Re: Is Glen a Pragmatist?
Posted by
gepr on
URL: http://friam.383.s1.nabble.com/Is-Glen-a-Pragmatist-tp7597725p7597726.html
Yes, I do like that appendage and hadn't read it. Thanks.
I've been accused of Hegelianism more than once, the most stark in a conversation about how to best model the diffusion of innovation, wherein I played the Adversary to an assumption that the concepts of self-organization in physics extend to social systems. But I'm pretty sure I reject (what I infer from) the phrase "self-correcting". I would prefer "sticks close to something" or "fidelity", which may mean make it *sound* like I'm more Piercian than Hegelian. But the truth is I'm agnostic through and through.
I'm a real-life Towlie:
https://youtu.be/1Y_7P9Ce9UcOn 7/9/20 2:02 PM,
[hidden email] wrote:
> I thought Glen might like this:
>
> This Hegelian view is virtually identical with the so-called epistemological fallibilism (more on which later in this essay) that occupied such a prominent position in Peirce's thinking. For Peirce, /every/ intellectual position is open to criticism and further investigation.
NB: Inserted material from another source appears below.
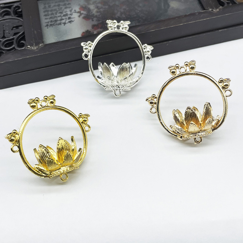 国風は玉の双穴の蓮の花の玉の樹脂のハスの花のdiy古風をまねて耳飾りのブレスレットのフリンジの材料の部品を飾ります。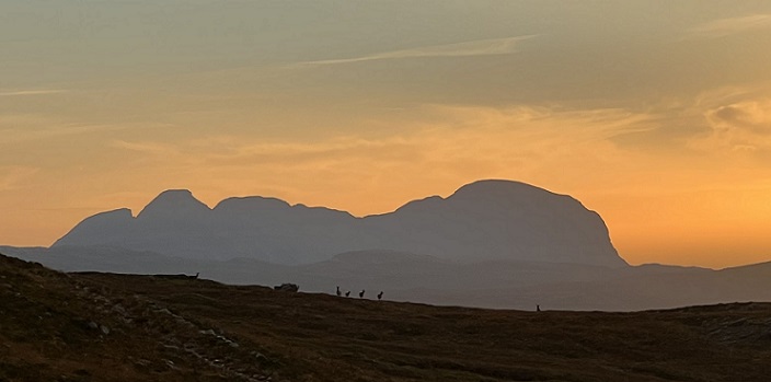 Sun going down on Cuinneag/Quinag, Assynt with red deer on near horizon. Photo credit Victor Clements

Thus for both Peirce and Hegel there is /no/ final, fixed intellectual position free from any potential for being revised; and the processes of revision are in the long run self-correcting.
>
> It’s from
https://plato.stanford.edu/entries/peirce/self-contextualization.html>
> Although, come to think of it, he might disagree with the part after the semi-colon; i.e., he might belief that science is a random walk.